Task brief —
Copy nothing but the lines below, from the one with "橋本さん： 「Sprite」、 飲まないと！" through the one with "Int.2.1.1 Tricarico Vede urbano e periurbano", exactly as written; no pictures should appear.

Materials provided —
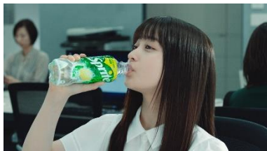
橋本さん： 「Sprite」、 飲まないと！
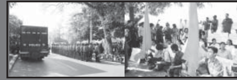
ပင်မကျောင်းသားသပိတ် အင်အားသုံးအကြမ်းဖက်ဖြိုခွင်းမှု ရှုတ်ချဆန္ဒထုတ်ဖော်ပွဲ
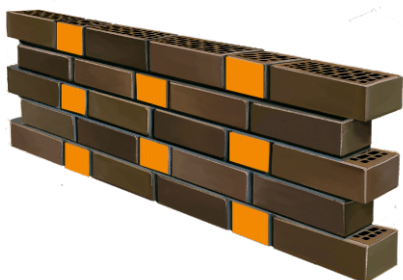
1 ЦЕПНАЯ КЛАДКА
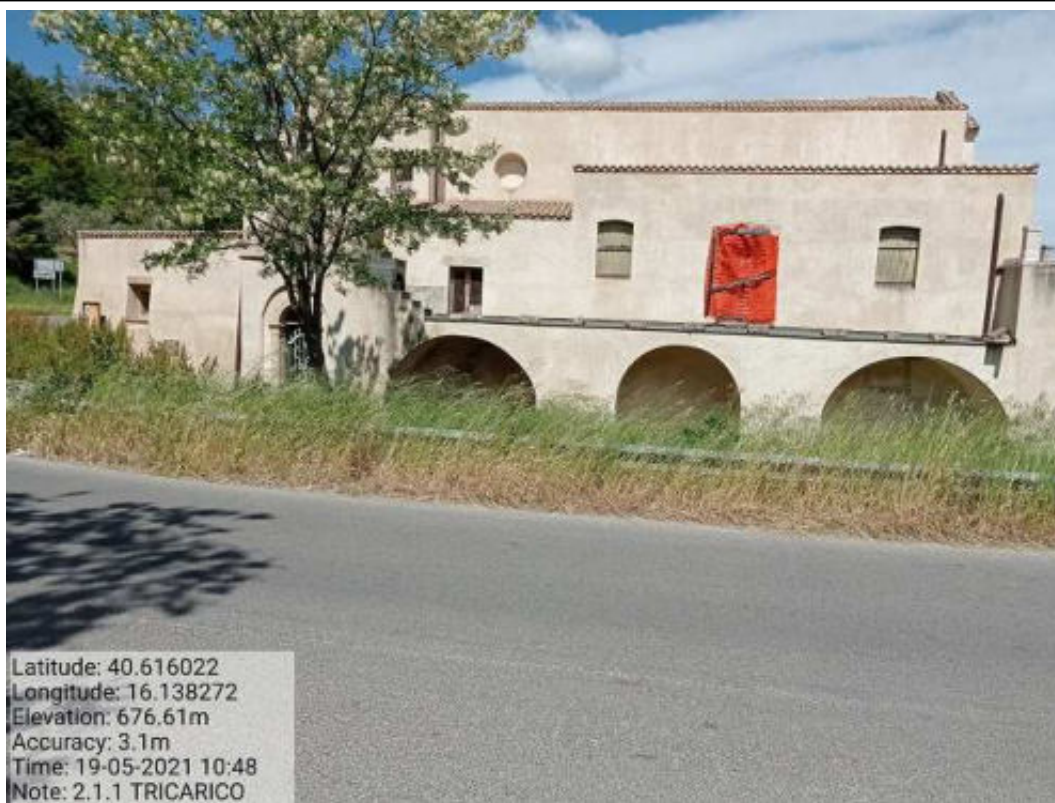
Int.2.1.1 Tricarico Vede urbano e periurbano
---
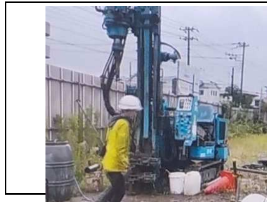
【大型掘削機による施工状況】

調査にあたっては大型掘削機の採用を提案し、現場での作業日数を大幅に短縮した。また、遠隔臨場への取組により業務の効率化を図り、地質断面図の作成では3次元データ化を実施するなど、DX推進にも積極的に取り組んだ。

Task response —
橋本さん： 「Sprite」、 飲まないと！
ပင်မကျောင်းသားသပိတ် အင်အားသုံးအကြမ်းဖက်ဖြိုခွင်းမှု ရှုတ်ချဆန္ဒထုတ်ဖော်ပွဲ
1 ЦЕПНАЯ КЛАДКА
Int.2.1.1 Tricarico Vede urbano e periurbano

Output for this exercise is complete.